### Exercise instructions:
Retype the listing exactly, with no images.

### Supplied material:
+ + + + + + +

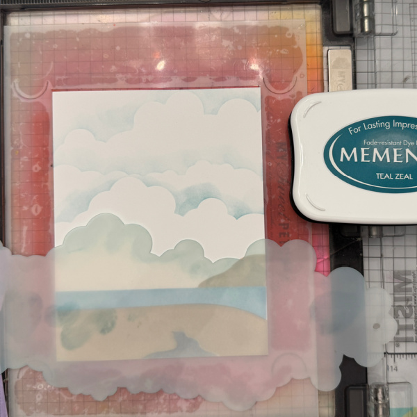 Create clouds in the background by using a cloud stencil. The ink I used is Teal Zeal.
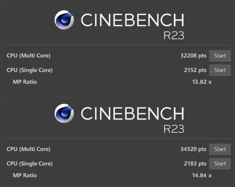 AMD增強版精準頻率提升(PBO) 可讓CPU電流和電壓達到自身界限情況下榨乾系統蘊藏的性能。在CINEBENCH R23測試中,開啓PBO前,多核得分32208,單核2152;開PBO後,多核得分34520,單核得分2183。多核性能提升7.2%左右,單核基本沒啥變化。
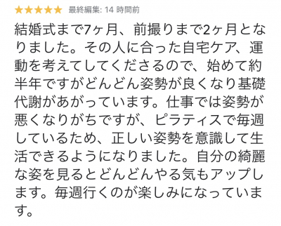 前撮りと結婚式へ向けて「姿勢を綺麗にしたい」
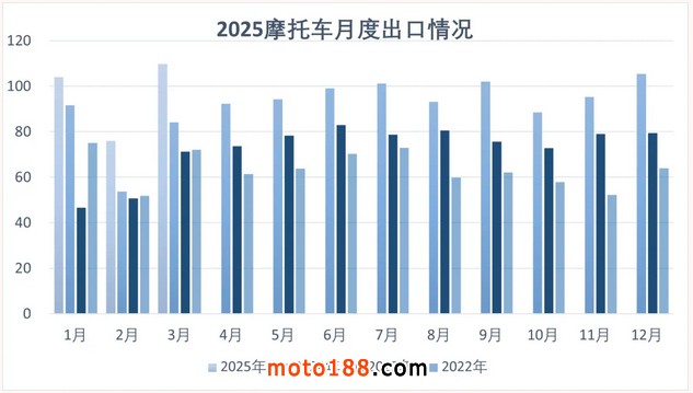3月摩托車出口109.78萬輛,環(huán)比增長42.44%,同比增長30.3%;出口金額11.68億美元,環(huán)比增長125.42%,同比增長118.42%。其中,二輪摩托車出口103.93萬輛,環(huán)比增長41.78%,同比增長29.82%;三輪摩托車出口5.85萬輛,環(huán)比增長55.39%,同比增長39.59%。

+ + + + + + +

### Expected answer:
 Create clouds in the background by using a cloud stencil. The ink I used is Teal Zeal.
 AMD增強版精準頻率提升(PBO) 可讓CPU電流和電壓達到自身界限情況下榨乾系統蘊藏的性能。在CINEBENCH R23測試中,開啓PBO前,多核得分32208,單核2152;開PBO後,多核得分34520,單核得分2183。多核性能提升7.2%左右,單核基本沒啥變化。
 前撮りと結婚式へ向けて「姿勢を綺麗にしたい」
3月摩托車出口109.78萬輛,環(huán)比增長42.44%,同比增長30.3%;出口金額11.68億美元,環(huán)比增長125.42%,同比增長118.42%。其中,二輪摩托車出口103.93萬輛,環(huán)比增長41.78%,同比增長29.82%;三輪摩托車出口5.85萬輛,環(huán)比增長55.39%,同比增長39.59%。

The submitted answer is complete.